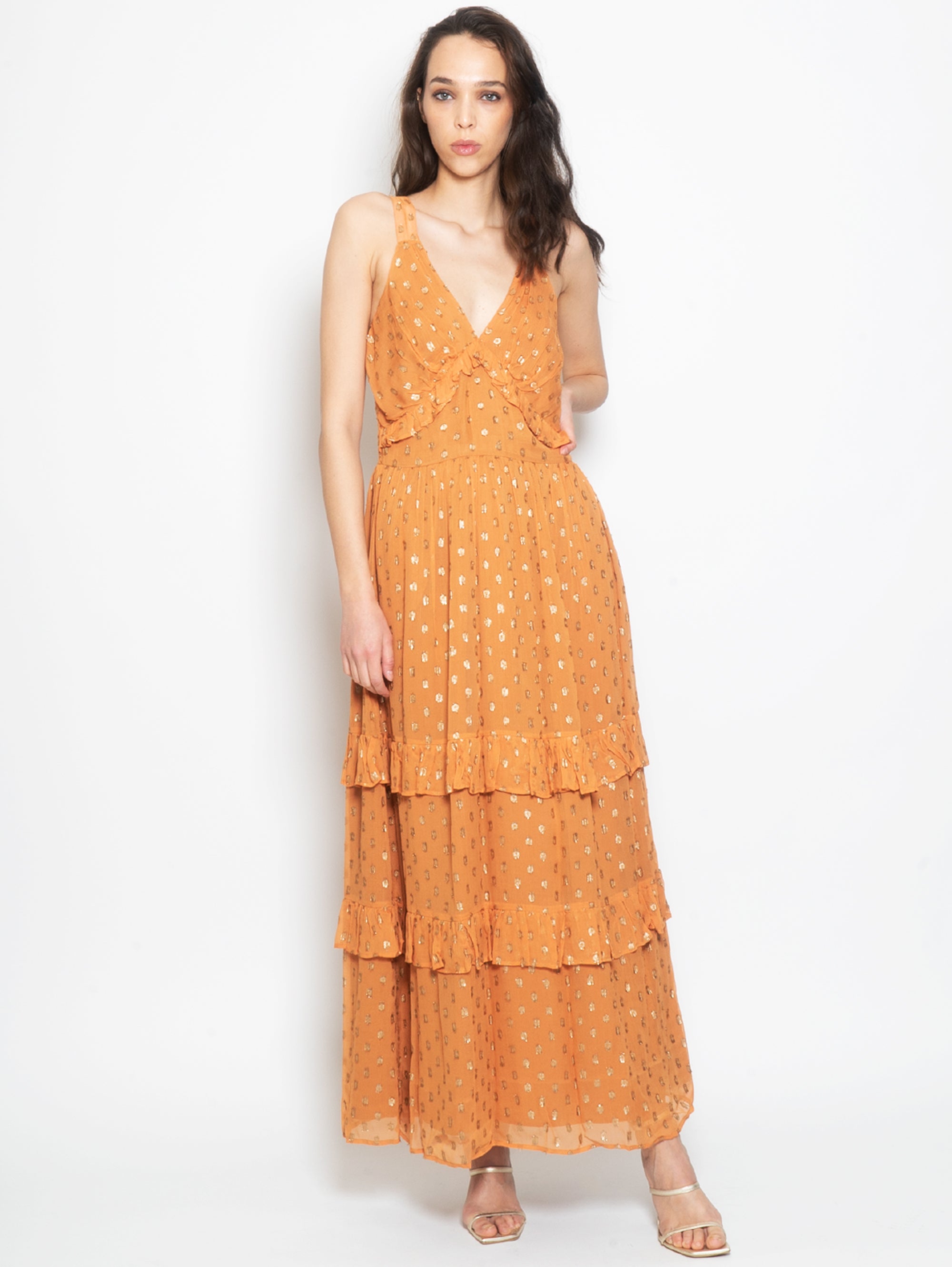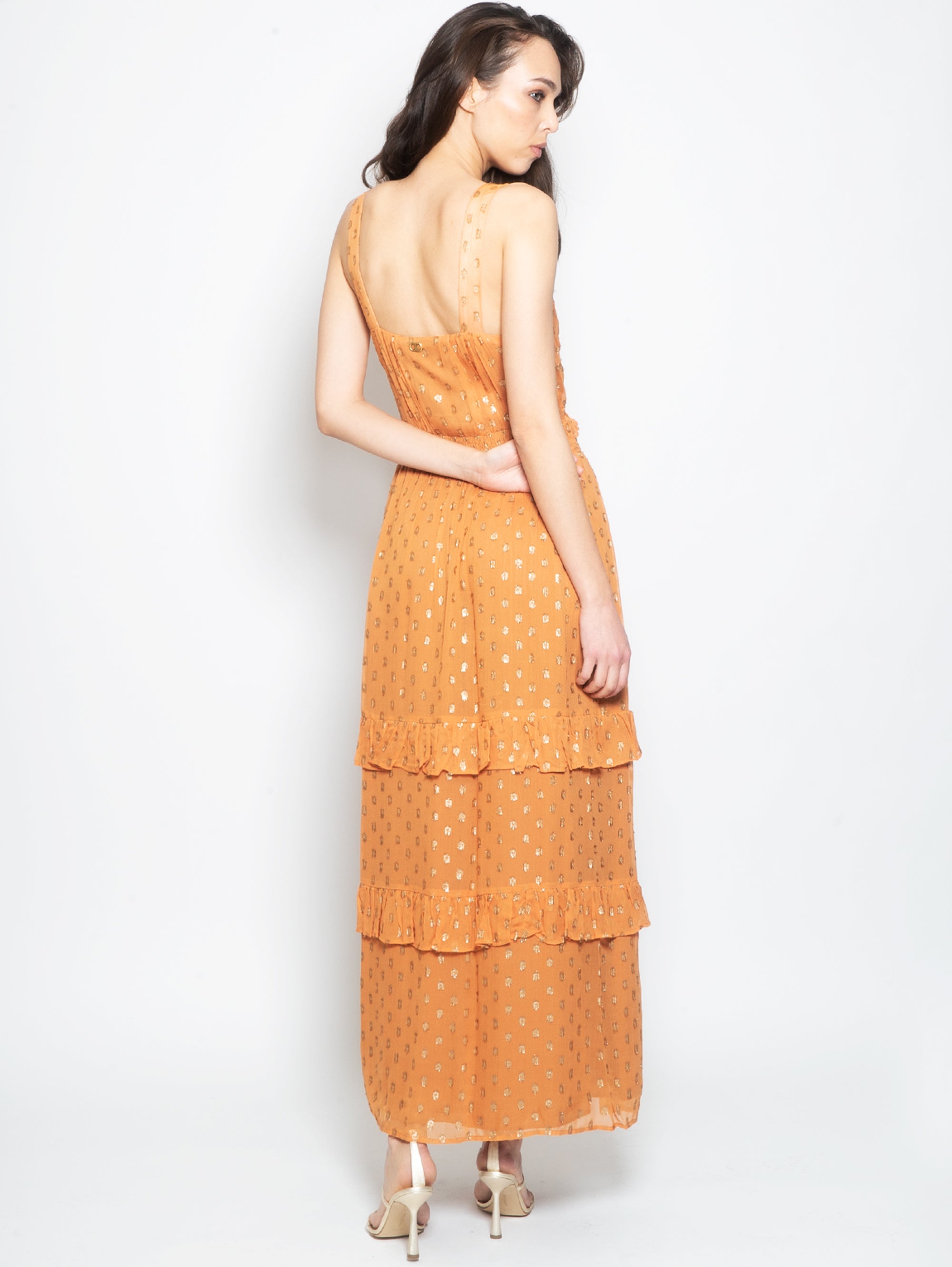 - Abito lungo in georgette di viscosa con lavorazione fil coupé
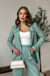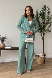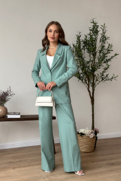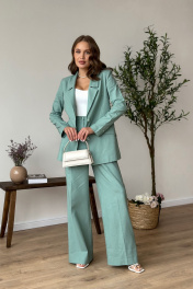 Костюм женский, состоящий из жакета и брюк. Жакет свободного силуэта длиной ниже линии бедер. Спинка со швом. Жакет с центрально-бортовой застежкой на 2 петли и пуговицы. Перед с нагрудными вытачками из бокового шва и наклонными рельефами, заканчивающимися на уровне кармана «в рамку». Ниже параллельно карману настрочен клапан. Воротник пиджачного типа с отложными лацканами. Рукава втачные двухшовные; по низу рукава обработана закрытая шлица с 4-мя пуговицами. Перед жакета на подкладке. Брюки - палаццо с застежкой на тесьму-молнию с гульфиком и откоском в среднем шве. Брюки на притачном поясе со шлевками и застежкой на одну прорезную петлю и пуговицу. Задняя часть пояса - на резинке. ЗП брюк с талиевыми вытачками. ПП брюк с двумя фиксированными складками и боковыми карманами. Длина жакета - 72,5 см - 73,7 см Длина рукава жакета - 62 см Длина брюк - 115,4 см
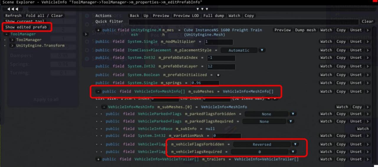 In the upper-left corner of the “Scene Explorer” window, click on the Show edited prefab button. This will cause the “Scene Explorer” to focus on the locomotive. Now, scroll down until you see this line of information (it will probably be near the bottom of the window):
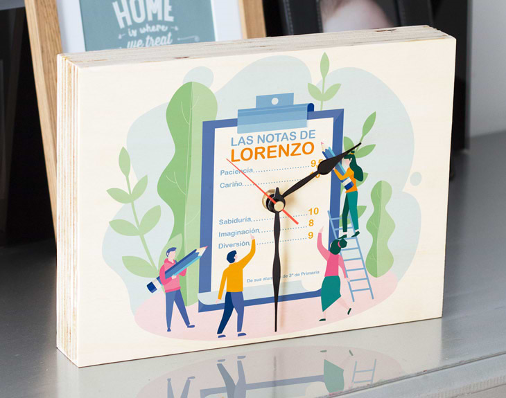 Si este año estáis muy contentos con las notas que os ha puesto vuestro o vuestra profe, ahora es momento de que vosotros le evaluéis. Este reloj personalizado es un regalo divertido y original para sorprender a vuestro profe favorito. Aprovechad el final de curso, juntaros todos los de clase y decidid que nota le podríais a vuestro profe en asignaturas tan importantes como la sabiduría, la paciencia o el cariño. Seguro que le hace muchísima ilusión y colocará este reloj en un lugar de la clase para que todo el mundo lo ves. Es un regalo muy original y divertido, ¿no os parece? Tienes dos opciones de compra: Medidas reloj de pared: 49,5 x 30 cm. Medidas reloj de mesa: 27 x 20 cm. Importante: Las maderas tienen vetas y estas quedan reflejadas en la imagen. Instalación: el reloj de pared cuenta con agujeros en la parte posterior, hechos a medida por si quieres colgarlo utilizando tornillos, chinchetas, o lo que creas conveniente. ¡Cabrán perfectamente en los agujeros que vienen incluidos en la madera!
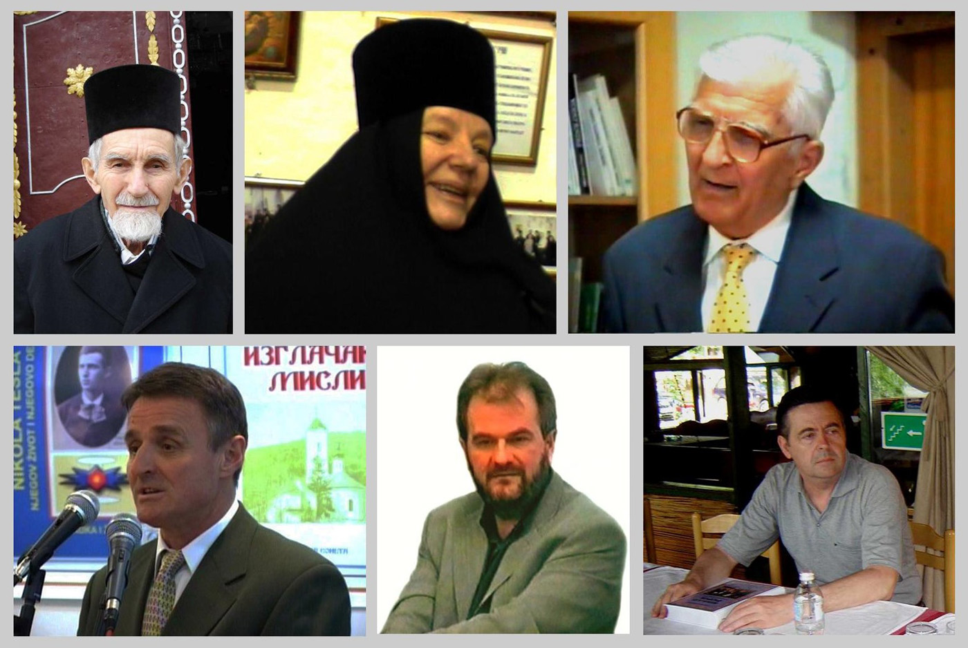 Slike, gornji red sleva: arhimandrit Teodor (Suvajdžić), duhovnik sremskog manastira Ravanica (1922-2008), igumanija Anastasija (Popović) manastirska mati sremske Ravanice u Vrdniku (1945-2022), akademik prof. dr Mihailo Bajić, neurofiziolog i eks dekan Medicinskog fakulteta u Novom Sadu (1928-). Donji red, sleva: prof. dr Radovan Čokorilo (1949-), pedagog i psiholog Univerziteta u Novom Sadu, prof. dr Željko Vučković (1960-), doktor bibliotečko-socioloških nauka, eks dekan Pedagoškog fakulteta u Somboru, Univerzitet u Novom Sadu, prof. dr Zoran Lovreković (1961-), doktor nauka informacionih tehnologija, Univerzitet u Novom Sadu.
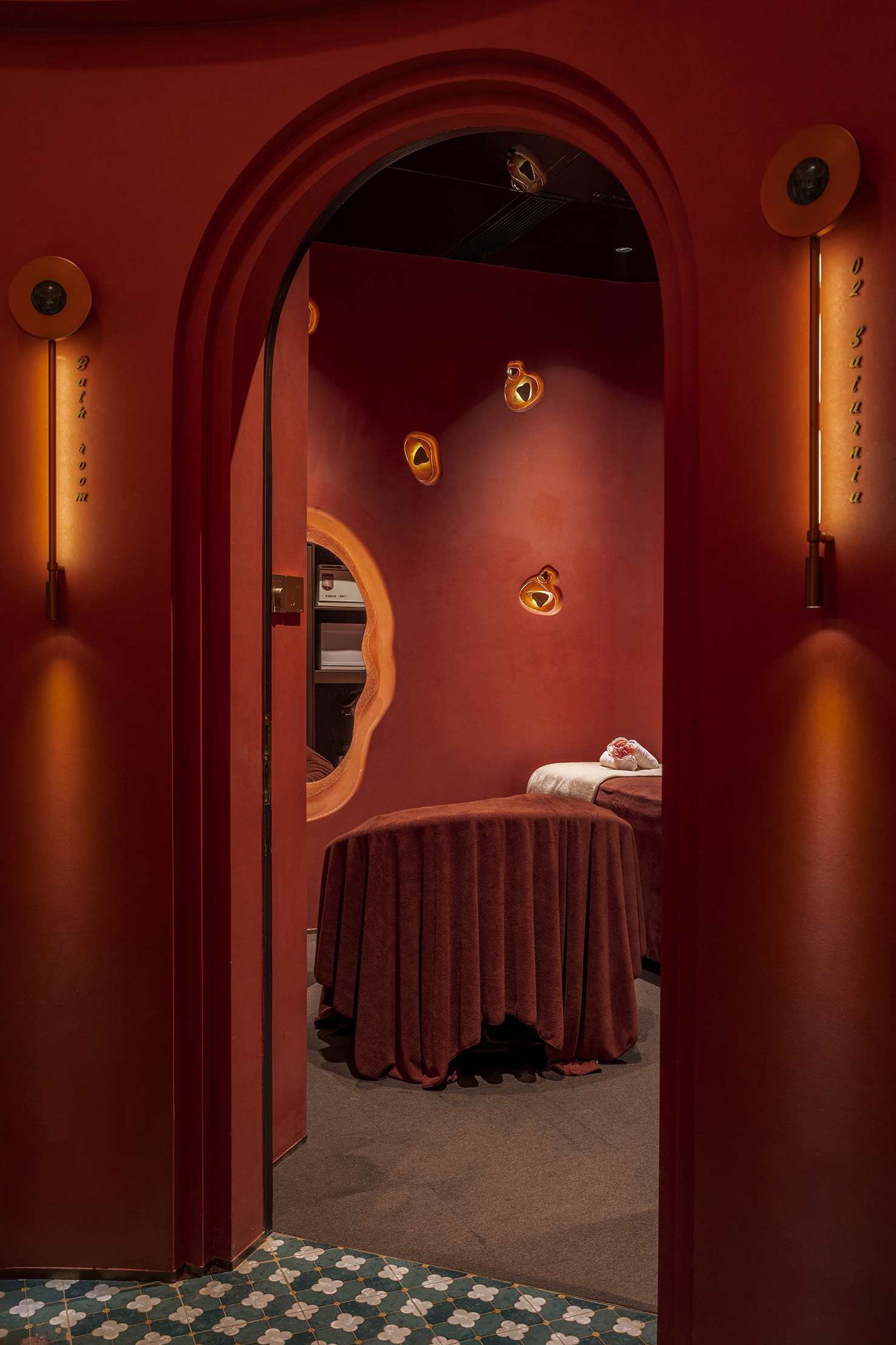 雪瑞尔品牌源于意大利,旨在为客人提供意式风情的轻松疗愈体验。空间设计灵感源于古罗马建筑和火山温泉的奇妙映射,经典的拱券、穹顶与温泉的轻松、柔美相融合。门头设计以液态大理石打造出蜿蜒的泉溪,引人入内,主体功能有展示接待、检测、休息、中庭与 5 个以意大利温泉命名的房间。中庭灵感来自罗马万神殿,穹顶下方是一方涌泉不断的古典水景,传递品牌精神。芳疗室水疗室的设计表达温泉水汽的蒸腾向上,细节展现不同温泉特色。
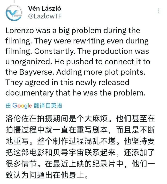 近期澳洲流媒体上线了一部变形金刚幕后纪录片,其中揭示了《变形金刚7》失败的原因,这次算是公开坐实了制片人洛伦佐·迪·博纳文图拉的骚操作:
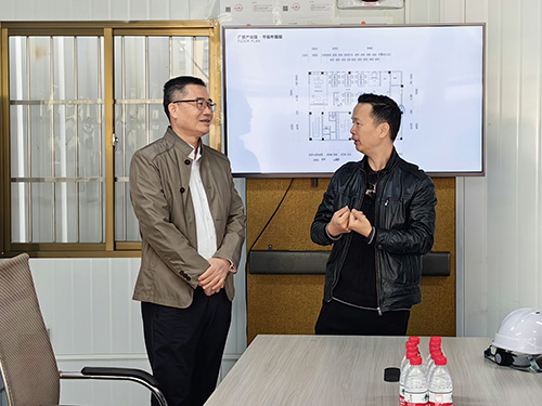 在广晋科技园项目建设工地,何广经总监详细介绍了企业发展、外贸出口、项目建设等情况。近年来,企业加大研发投入,持续深化产学研及与上下游产业链的合作,研制包括智能升降班台、人体工程学办公椅、健康智能办公生态系统、智能适老养老系统、多功能智慧高隔间等智慧健康办公及养老系统产品,深受市场青睐。2024年,新达高梵公司出口成绩斐然,同比增长20%,其中出口美国增长50%,体现了企业的发展优势和产品竞争力。正在建设中的广晋科技园项目占地约60亩,集研发、生产、物流于一体,推动产业转型升级,为企业和合作伙伴的创新发展提供优质而广阔的空间。
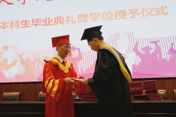江苏大学颜晓红校长为毕业生颁发学位证书、行拨穗礼
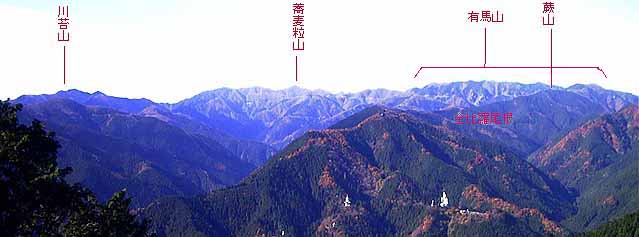 98年12月6日(日)快晴後曇 (西武線・飯能よりバス)原市場中学校BS810…シュウズケ840…ノボット900…1005 (160) 30 (383) 20 (△436) 75 ・548mピーク鉄塔1030…1220子の権現1230…1327西武線・西吾野 110 (ピーク640) 57 (230) 体力度B- 神経度B-(歩行合計約5時間00分) ◇5万図 秩父 □筆者参考文献 「埼玉県の山」(山と渓谷社) このコースは、特に前半は、歩く人が少ないので、静かな山歩きを楽しむことが出来ます。この日は、朝、非常に視界が利いて、あまり展望がなさそうな超低山に登るのは勿体ないような感じ。しかし、前日の雨で、1000mを越える山には、積雪もありそうで、急な予定変更は自重。 今回のコースは、名栗川をはさんで棒ノ折山の対岸にある、548mピークから東南東に延びる尾根の末端から入って、尾根通しに子の権現まで行こうというものです。 飯能発湯ノ沢行きのバスは、殆どが老人のハイカーで、ちょうど座席がふさがるくらいの乗客数でした。殆どの乗客が、川又あるいは名郷まで行くと思われますが、遙か手前の原市場中学校でただ一人下車します。ガイドブックに従い、僅かに戻った交差点、次の二股と左へ入り、2〜300m先の木工所先辺りから、何ヶ所か斜面の墓地へ通じる道があるので、適当に選んで、そのうちの1本に入ります。距離にして20mくらい登ると墓地で、そのわきから藪斜面を直登します。下草というか、低木の葉が前日の雨で濡れていて、その中をもがくように登るのはちょっとやな感じ。数分で支尾根上に出れば、はっきりした道が現れます。無名の超低山は、入山口が迷いやすいという点が意外に手強いので、第1関門突破という感じです。この道に入ると始めは、普通の登りですがシュウズケの手前はまた急登です。 主稜線最初のピークはシュウズケですが、何もない所です。ここから、道は穏やかになり、のんびり歩けますが、空は快晴なのに植林の道は薄暗い雰囲気です。やがて三角点のあるノボット(5万図の周助山。山頂の表示も。)です。その先、南面伐採地に出て、待望の本日初の展望です。有馬山から棒ノ折山を経て高水山まで、お馴染みの山域ですが、それらを真横から迫力をもって眺めることが出来ます。 道は、全体的にゆるい登り基調で続きますが、はっきりした登りになったと思ったら車道が横切っています。 更に登り続けると、右横は奥武蔵高原が望め、振り返れば池袋や新宿の高層ビルが霞んでいました。やがて548mピークですが、その少し先の鉄塔の下が休むには良いでしょう。わずか南方楢抜山寄りは伐採されていて、先程に加えて眺めが大持山方面まで広がリます。前景は、中腹に純白の観音像が光る金比羅尾根がダイナミックですし、奥には蕎麦粒山の三角錐が特に目立ちます。 ガイドブック「埼玉県の山」では、ここから、南下して仁田山峠…楢抜山経由で赤沢BSに下るのが「比較的安全に読図のトレーニングを行えるコース」として紹介されていたのですが、地形図を見るとこの尾根は、伊豆ヶ岳から高畑山を経て下りてくる尾根の延長上である事が解ります。途中少し東へ外れた子の権現へは伊豆ヶ岳からの下山路としてポピュラーなので、是非結びつけてみたく、今回は、子の権現への尾根通しの道を行くことにしました。この先、伊豆ヶ岳…子の権現の道へ子の権現の僅か西で合流するまでの道は、この地域をカバーするガイドブックで筆者手持ちの6〜7種類のどれにも紹介されていません。 道無き道も覚悟していたのですが、この道、始めの方は、電線に沿っているため、その保守に使われるのか、非常に良い道でした。3つ目の鉄塔からは、電線は左に下って行き、その先の先のピークでは道が右に曲がっていきますが、すぐの巻き道で稜線に戻らないと、竹寺へ行ってしまいます。確認のためピークへ戻ってみると、尾根通しに下るのは、藪急斜面でした。 その先、竹寺と小殿BSを結ぶ「関東ふれあいの道」が横切り、そこから南面の巻き道へ入りまた稜線に出て登ると、次のピークには、釣り鐘がありました。 その先の伐採地からは、先ほどまでの眺めに加えて、右側は武甲山・武川岳まで広がります。鐘の音が聞こえます。心ないハイカーの仕業でしょう。 この先、全体的には高度を上げながら、総体的には明るい感じの緩い起伏を行きます。右後ろから竹寺からの道を合わせると、もう関東ふれあいの道となり、伊豆ヶ岳−高畑山からの稜線もよく見えるようになります。この辺まで来ると、時々ハイカーにも出合いますが、前半の閉塞感から比べると、開放的でいい感じです。 やがて、伊豆ヶ岳からの道に合流すると、右へ少々で子の権現。すぐ先の展望ピークに寄って、1時間弱で西吾野に下り着きました。 今回、伊豆ヶ岳から、シュウズケまでよい道が続いていることが判明したので、次回は朝一で伊豆ヶ岳に登り、高畑山…・548mピークと縦走し、今回行かなかった楢抜山経由で赤沢へ下山するコースを歩いてみたいと思います。 548mピーク鉄塔付近

-=-=-=-=-

PROBLEM TO SOLVE => Quote word for word only the lines above from the one containing "近期澳洲流媒体上线了一部变形" through the one containing "江苏大学颜晓红校长为毕业生颁发学位证书、行拨穗礼". Pictures stay out of your copy.

RESPONSE BELOW =>
 近期澳洲流媒体上线了一部变形金刚幕后纪录片,其中揭示了《变形金刚7》失败的原因,这次算是公开坐实了制片人洛伦佐·迪·博纳文图拉的骚操作:
 在广晋科技园项目建设工地,何广经总监详细介绍了企业发展、外贸出口、项目建设等情况。近年来,企业加大研发投入,持续深化产学研及与上下游产业链的合作,研制包括智能升降班台、人体工程学办公椅、健康智能办公生态系统、智能适老养老系统、多功能智慧高隔间等智慧健康办公及养老系统产品,深受市场青睐。2024年,新达高梵公司出口成绩斐然,同比增长20%,其中出口美国增长50%,体现了企业的发展优势和产品竞争力。正在建设中的广晋科技园项目占地约60亩,集研发、生产、物流于一体,推动产业转型升级,为企业和合作伙伴的创新发展提供优质而广阔的空间。
江苏大学颜晓红校长为毕业生颁发学位证书、行拨穗礼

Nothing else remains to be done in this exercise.